The region could suffer an additional 700,000 Covid deaths by spring


Health and Science

A patient suffering from COVID-19 will be treated on May 20th, 2021 in the intensive care unit (ICU) of the Darmstadt Clinic in Darmstadt.

Kai Pfaffenbach | Reuters

Europe and Central Asia could total more than 2.2 million Covid-19 deaths by next March as countries battle a surge in the highly transmissible Delta variant, the World Health Organization’s office for the region wrote in a statement released Tuesday .

The forecast for the coming months comes when the 53-country region exceeds 1.5 million Covid deaths, with the virus now becoming the leading cause of death in both Europe and Central Asia, the WHO European branch said. The region currently has nearly 4,200 deaths per day, double the daily deaths recorded in late September, the statement said.

The WHO regional office in Copenhagen, Denmark, covers Europe as well as Israel, Turkey and the Central Asian countries of Kazakhstan, Kyrgyzstan, Tajikistan, Turkmenistan and Uzbekistan.

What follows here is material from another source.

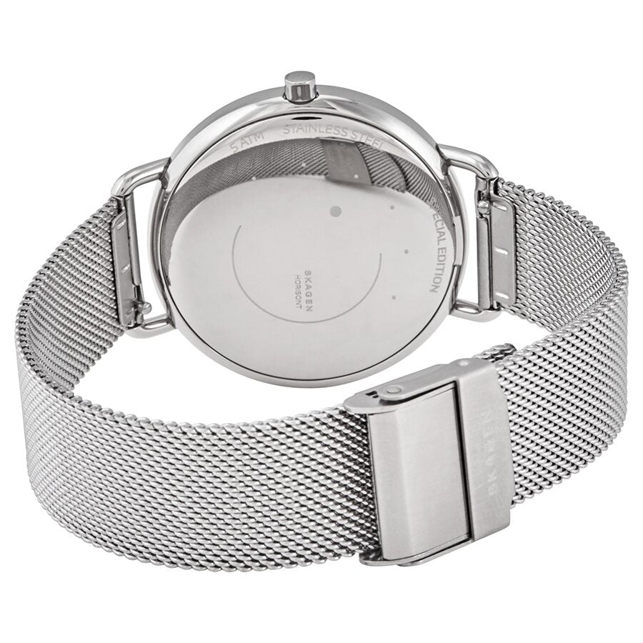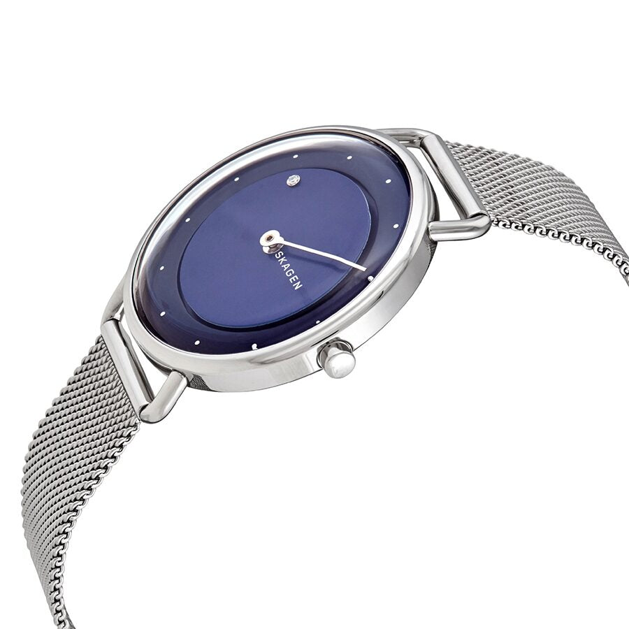 Stainless steel case with a stainless steel mesh bracelet. Fixed stainless steel bezel. Blue dial with silver-tone hands and dot hour markers. A single diamond is set at the 10 o'clock position. Dial Type: Analog. Quartz movement. Scratch resistant mineral crystal. Pull / push crown. Solid case back. Round case shape. Case size: 36 mm. Case thickness: 5 mm. Band width: 16 mm. Slip through clasp. Water resistant at 50 meters / 165 feet. Functions: hour, minute. Dress watch style. Skagen Horizont Rotating Diamond Quartz Blue Dial Ladies Watch SKW2738.

“In order to live with this virus and continue our daily lives, we need to take a ‘vaccine plus’ approach,” said Dr. Hans Henri Kluge, WHO Regional Director for Europe, in the statement. “This means getting the standard doses of the vaccine, getting a booster dose if offered, and integrating preventive measures into our normal routines.”

In addition to the Delta tribe’s increased contagiousness, the declaration blamed the continent’s unvaccinated population and many countries’ decision to phase out mask wear and social distancing responsible for the region’s surge. The WHO previously warned that winter could cause outbreaks in Europe as people gather closely together indoors with poor ventilation, conditions that facilitate transmission of the virus.

In preparation for a “challenging winter,” Kluge urged the public to avoid lockdowns and disruptions to the economy by taking precautions, including the use of face-covering, physical distancing, and testing and contact tracing. The statement also called on countries to consider giving booster doses to health workers and anyone over 60 to combat the declining effectiveness of available vaccines.

The WHO estimates that 49 of the 53 countries in the region could experience high or extreme stress in their intensive care units by March 2022. It is expected that 25 countries will also be affected by high or extreme stress on hospital beds.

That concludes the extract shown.